Thursday, June 6, 2013

Intermediate code:
The grammar of an intermediate language (IL) treats program as a set of instructions. The instructions are
1) a label or marker for jump statements
2) an assignment to a variable
3) a unary operator applied to an atomic expression with the result stored in a variable.
4) a binary operator applied to a variable and an atomic expression with the result stored in a variable
5) a transfer from a memory to a variable
6) a transfer from a variable to memory
7) a jump to a label
8) a conditional selection between two labels
9) a function call ( note the procedure calls are treated the same as function calls and argument and result are variables )
The compiler tries to do as much work during compile time as possible as compared to doing the same work at runtime. In general, this helps us prepare for the execution.
Now getting back to the conversion to the intermediary language, let us take a look at how to translate expressions, here the main challenge is that the expression is structured as a tree while the intermediary language is flat and the result of every operation is stored in a variable and every non constant argument is stored in another variable. A translation function is used to describe the overall technique. This function returns the code as a synthesized attribute. It translates variables and functions to the names that correspond to the intermediary language. The symbol tables are passed as inherited attributes to the translation function. In addition, attributes are used to decide where to store the values evaluated from sub-expressions. There are two ways to do this:
1) the location of the values of a sub-expression can be passed up as a synthesized attribute to a parent expression which can decide where to place its own value
2) the parent expression can decide where it wants to find the values of its sub-expressions and pass this information down as inherited attributes.
Method 1 doesn't have to generate code as it can return the name of the variable that holds the value.
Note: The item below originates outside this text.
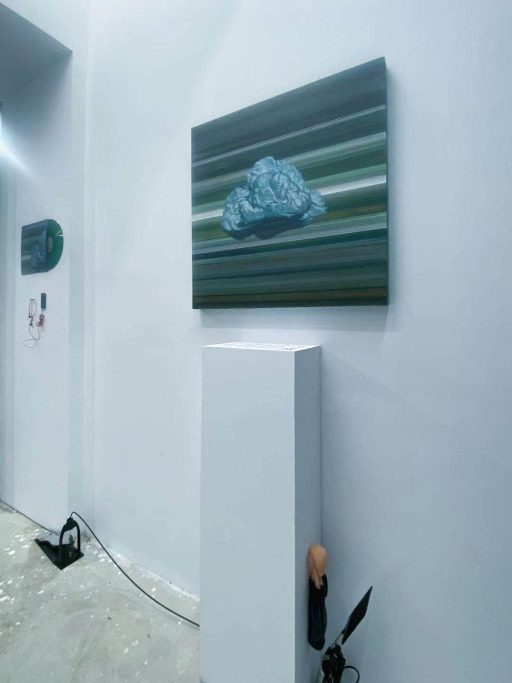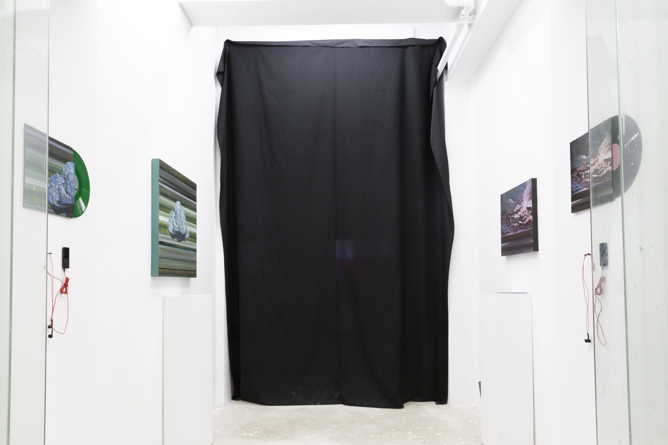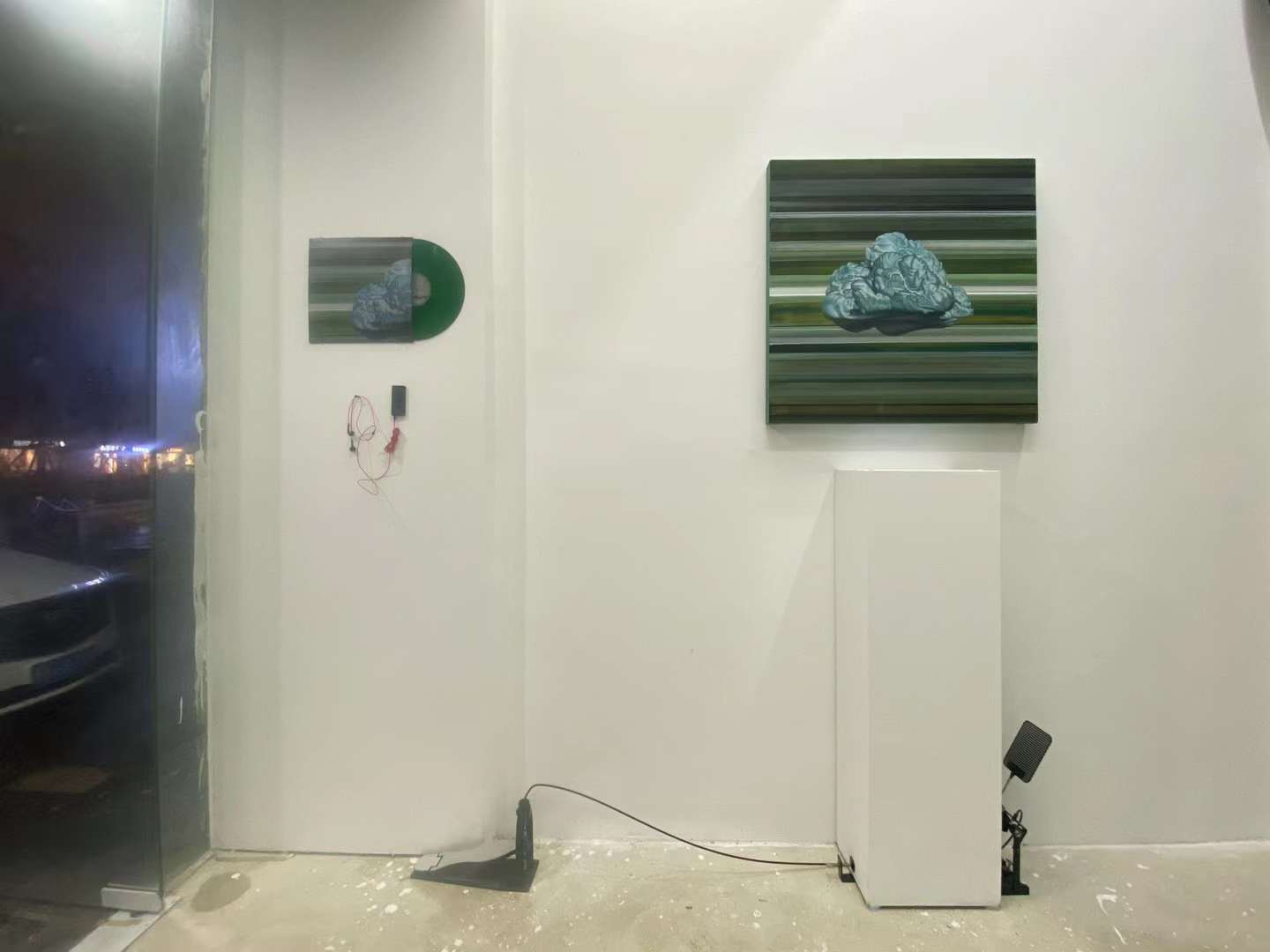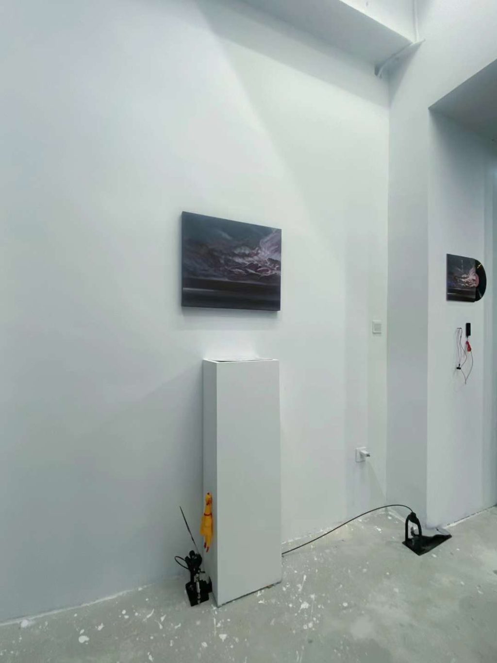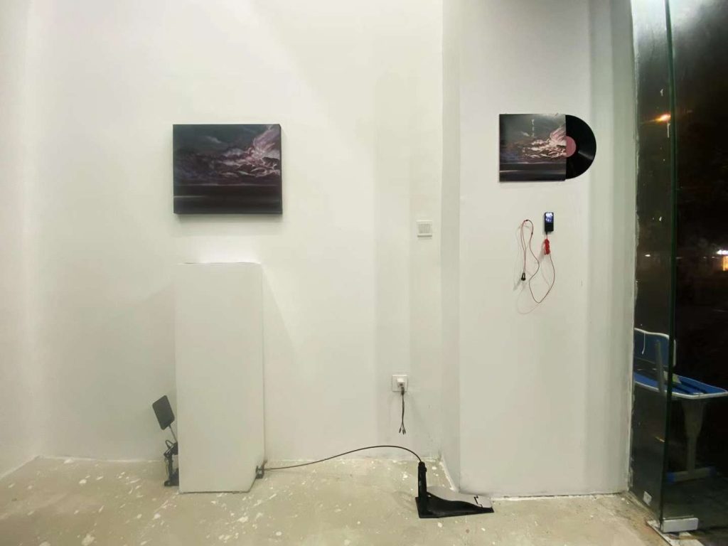 最外部的基调是属于“物“的,是确立的”交易“。是唱片与画廊生产力与产品线的明码标价,也是对于聆听与观看的仪式效仿。是我与环境的关系,是我作为这一生产链条其中一员的角色身份。对于展台的戏谑,则有着将不和谐的局部异响袒露于人前的企图。而蝇拍所设立的触击是对于中部空间的诡计。

However, this only works under the assumption that the variable isn't updated before the value is used by the parent expression. If the expression has function calls, that may also have side-effects. Method 2 doesn't have this problem since the value is created immediately before the assignment is executed. In addition, this method can also generate code to calculate the expression result directly into the desired variable and not use temporary variables.
An inherited attribute say 'place' is the IL variable used to store the result of the expression.
The translation function uses a switch case construct for the type of expression and evaluates this way:
1) if the expression is a constant, the value of that is stored in place
2) if the expression is a variable, the equivalent IL variable is found in vtable and then copied to the place
3) if it's a unary operation, a new IL variable is generated to hold the value of the argument of the operation, then it is translated using the newly generated variable for place. Then an IL operation assigns the result to the inherited place. The operator++ concatenates the two lists of instructions.
4) if its a binary operation, two new IL variables are generated to hold the values of the arguments, then the values are translated and finally a binary operation in the intermediate language assigns the final result to the inherited place.
5) if its a function call, the arguments are translated first, then a function call is generated with the result assigned to the inherited place. The name of the function is looked up in the ftable for the corresponding name in the IL. (text from Mogensen)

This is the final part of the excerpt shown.